The whole world of readers, writers, publishers and book sellers is abuzz: J.K. Rowling wrote the crime novel The Cuckoo’s Calling under the pseudonym Robert Galbraith, a debut writer. I’m with those think it was the act of someone who loves writing, despite never needing to write again, just wanting to write, free of the hype cycle and free of reviews of the author rather than of the work.
I even understand why she chose to write under a man’s name: There is an endemic sexism in the world of books. It’s why Harry Potter was published under the name J.K. instead of Joanne Rowling: The assumption persists that good crime, sci-fi, fantasy and horror can only be written by men, and that men and boys are reluctant to read books written by women.
But there is also a snarky narrative that Galbraith’s book tanked, selling a mere 1500 copies, pre-revelation.
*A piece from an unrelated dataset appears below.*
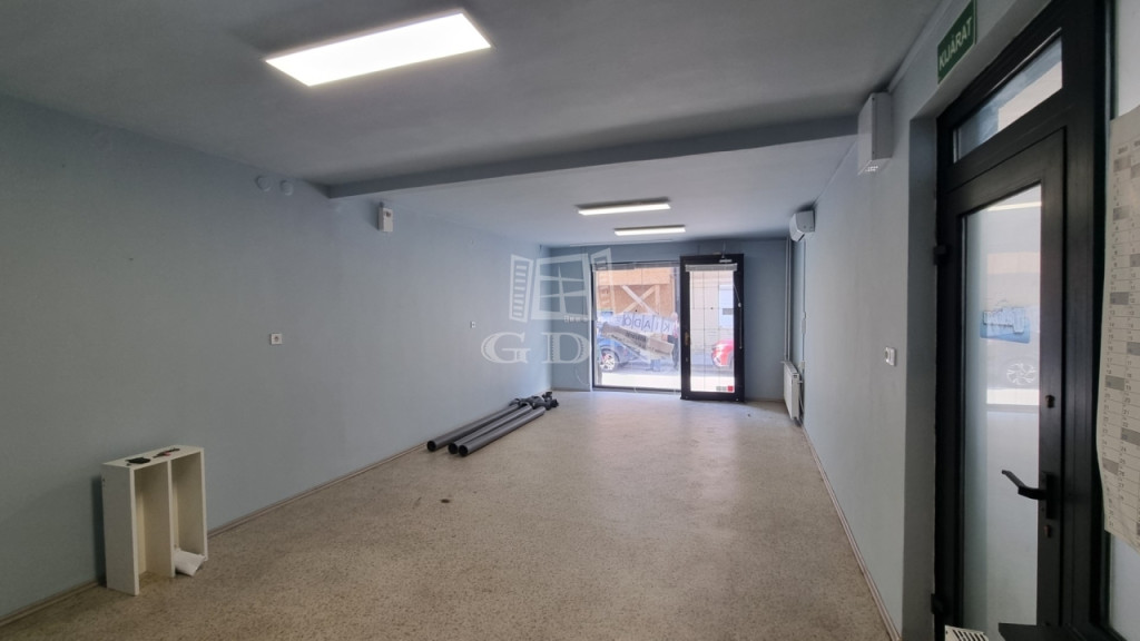Az üzlethelyiség három részből áll: egy 35 m²-es utcafronti helyiségből, egy 14 m²-es raktárból, valamint egy hátsó vizesblokkból.

Sadly, those are very respectable sales for a debut writer with good reviews over a three-month timeframe. And so…
To Those Saying The Cuckoo’s Calling by Robert Galbraith Tanked: Please Stop
25 Things To Know About Sexism & Misogyny in Writing & Publishing
This, its initial triggers and fallout caused quite a stir in writing circles. Sometimes even for the right reasons, as Chuck speaks with truth and passion.
It was therefore followed up by:
Challenging Responses to Sexism & Misogyny
Wherein Chuck responds to his detractors. On the accusation that having solid female characters “doesn’t serve the story”, he responds:
I hate this excuse. I hate it like I hate the DMV, hemorrhoids, airline travel delays, and bad coffee. I hate it because it suggests that writers are not in control of their own stories, that they are merely conduits for some kind of divine unicorn breath, some heady Musefart that they can’t help but gassily breathe onto the page. I AM VESSEL. STORY IS LOA.
I hate it because it absolves you of ever having to change anything — whether that means changing a character’s race or sex or even just making edits to improve a story.
I hate it because it allows you to rely on lazy crutches, institutional biases, stereotypical culture patterns, and a whole lot of horrible shit-ass storytelling.
I hate it because it excuses you from making effort or taking responsibility.
See also: The Sexy Lamp Test.
“So, there’s the Bechdel test.
I’ve got another test that works just as well. The Sexy Lamp test. If you can take out a female character and replace her with a sexy lamp, YOU’RE A FUCKING HACK.”
Kelly Sue DeConnick, at ECCC’s ‘From Victim to Hero’ panel.